Кружением волны захватывала неприязнь к школьникам, к этим жестоким детям, которые порой мучают своих сверстников. Мелькнула мысль, а не попросить ли наслать персональные кошмары тому подлецу, который при всем классе высмеял первое любовное послание романтичной дурехи. Валерия отметила эту мысль как удачную, занесла в блокнотик возможных стратегий разговора, но сочла, что не стоит в этот раз. Еще рано.

— Опять строишь из себя непробиваемую. Я же чувствую твой страх, — развел руками Король Кошмаров, подлетая к ней, нависая. Его лицо оказалось непростительно близко, отчего Валерия невольно отшатнулась, осклабившись, но с неуверенной простотой отвечая вполне искренне:

— Да ведь… вечно так: не сдадут что-нибудь, от родителей попадет, а потом ко мне бегут жаловаться некоторые, — но вновь на нее накатывали горькая ирония и озлобленность: — Как же, все такие «непонятые» и «необычные». А мой страх останется со мной, спасибо, чужого не надо.

Король Кошмаров снова навис над ней, окутывал пологом своего песка, насмехался, упиваясь мнимой властью над ее телом и душой. Подчинена всецело и не помышляет о побеге — таков его вердикт, таков его замысел. Она, конечно, боялась. Как и положено, покрывалась холодной испариной, подкашивались ноги, колотилось сердце, стучало в висках, сдавливало желудок — вот и все признаки страха, паники и прочего, но со временем к ним можно и привыкнуть, отделить тело от состояния духа и продолжать здраво мыслить. Тело неизменно боялось, но Валерия постепенно училась контролировать его, бороться с этой вечной тревогой. Она концентрировала внимание… на самом Короле Кошмаров.
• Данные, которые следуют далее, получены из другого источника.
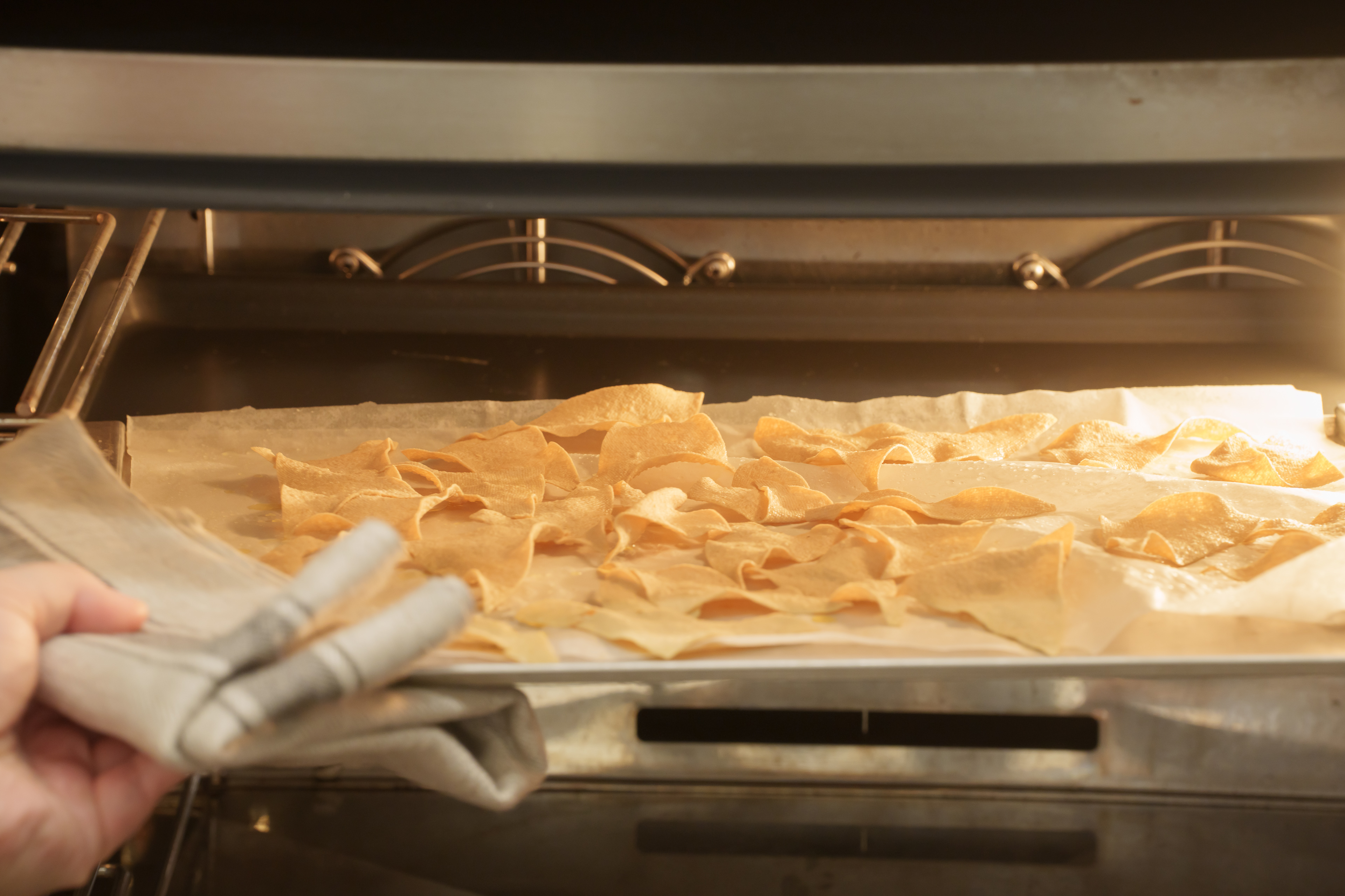 ③ 오븐용 사각 팬에 겹치지 않도록 ②를 골고루 펼쳐주고, 170~180도로 예열된 오븐에서 10분 정도 노릇하게 익혀준다.

И он-то как раз сам по себе не слишком пугал. Мужчина как мужчина, разве только с серой кожей. Вся власть в его песке, в том негативе, который скрывался в ней самой, видимо, очень крепкой выдержки, раз она призвала самого Бугимена, раз ему удалось выбраться из недр подземелий, уцепившись за ее отчаяние. Но ей надо было двигаться дальше, завершать дела, работать, в конце концов. Так что Валерия решительно протянула руку, чтобы сдвинуть со своего пути нависавшего полтергейста или духа, или еще как ни назови. Но только кончики ее пальцев легонько и вежливо коснулась его груди, как Бугимен спешно отпрянул, отскочил на другой конец кабинета к окну. И завис там, скрещивая руки, точно закрываясь, напуская на себя вид мирового зла, глухо рыча. Видимо, он слишком отчетливо еще помнил, как она чуть не вырвала золотых бабочек… Сердце? Надежду? Их едва уловимое сияние заставляло терпеть каждый раз приступы страха.

Больше Король Кошмаров в тот день не появлялся, растворился, пройдя сквозь стену, ничего не говоря.

«Неужели боишься? Это загадка, и я должна ее разгадать, а ты… останови меня на краю, еще раз, еще сотни раз избавь от страха самой себя, — подумала Валерия. — Если ты страшная сказка, то я — серая реальность. Если ты кромешная ночь, то я — долгие сумерки. В этом мире возможно равновесие».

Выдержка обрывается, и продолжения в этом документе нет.